Clobetasol Propionate is a highly strong corticosteroid that is used in a variety of topical medication formulations, including foam, ointment, lotion, spray and shampoo; with a dosage strength of 0.05% (w/w). The goal of this research was to identify and characterize a substantial unknown impurity (UK) detected during the stability testing of a Clobetasol Propionate foam pharmaceutical product in accelerated conditions (40°C and 75% relative humidity).
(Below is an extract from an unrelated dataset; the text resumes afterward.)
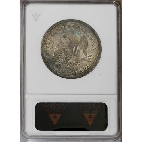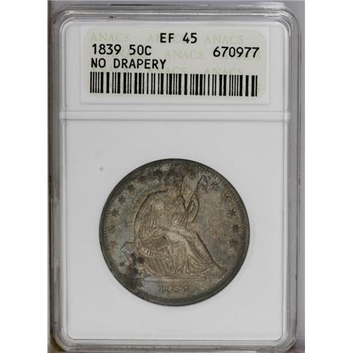 <B>1839<50C> No Drapery XF45 ANACS.</B></I> A sharp and partly lustrous piece with deep cobalt-blue and golden-brown toning. Some obverse verdigris is noted at 7:30. This introductory Seated half issue is important for type purposes, since all subsequent varieties display drapery beneath the elbow, except when removed by die polishing to remove clash marks.<BR><I>From The Steve Glenn Collection.</B></I> <BR><BR><B>Important notice:</B> Heritage usually auctions material at the rate of 200-250 lots per hour. On some occasions eBay Live bid software or the Internet may not be able to keep up with the pace of the auction. We recommend placing a realistic absentee bid now as insurance to avoid disappointment. Occasionally the auctioneer may eliminate or reject an eBay Live bid, and the auctioneer may also reopen a lot after the close of the eBay live bidding (usually because we missed an audience bid), and may reject your bid even if it shows you as the winning bidder. By bidding via eBay Live, you agree that Heritage may award the lot to another bidder at its sole discretion under the circumstances described above or any other reasonable circumstances. Since eBay bids are not shown to us until we open the lot on the floor, we treat those bids just like floor bids. In most cases the floor responds before the eBay bid is presented to us, due to Internet lag time, so for consistency we have made it a policy that floor bids are always considered first over tie eBay live bids. Also please note that all Heritage lots purchased through eBay Live carry a 20% Buyer's Premium. Please make sure you read the Terms and Conditions before you bid. This lot is being auctioned in conjunction with a live floor auction by Heritage Galleries & Auctioneers. All final auction and invoice information will be supplied by Heritage Galleries & Auctioneers, and all other information should be considered preliminary. Lot:1982 <BR><BR><B>Winning Notification and Billing:</B> After the FINAL session in this auction is complete, Heritage will send e-mail and snail mail invoices. This process normally takes several days. All final auction and invoice information will be supplied by Heritage Galleries & Auctioneers, and all other information should be considered preliminary. <BR><BR>This auction will be conducted on a live auction floor and over the Internet through eBay Live. If you choose to place an absentee bid, please take a moment to <font color='#0000ff'><u><a href='http://pages.ebay.com/liveauctions/help/before/laabsentee.html'>learn how eBay Live absentee bidding works</a></u></font><font color='#000000'>

Developing a single, robust and accurate HPLC method that is LC-MS compatible for quantifying all 14 potential Clobetasol Propionate impurities in therapeutic drugs is another goal. Preparative column chromatography was used to separate the impurity, and spectroscopic techniques like IR, NMR and MS were used to characterize its structure. The structure of isolated UK was effectively characterized and defined using spectroscopic data evaluation. The chromatographic method has also been validated according to the International Conference on Hominization's Q (2) quality guidelines. The isolated and characterized impurity had the same equivalence as the impurity found during stability testing. Precision, accuracy, linearity, robustness and ruggedness are all met in the method validation data.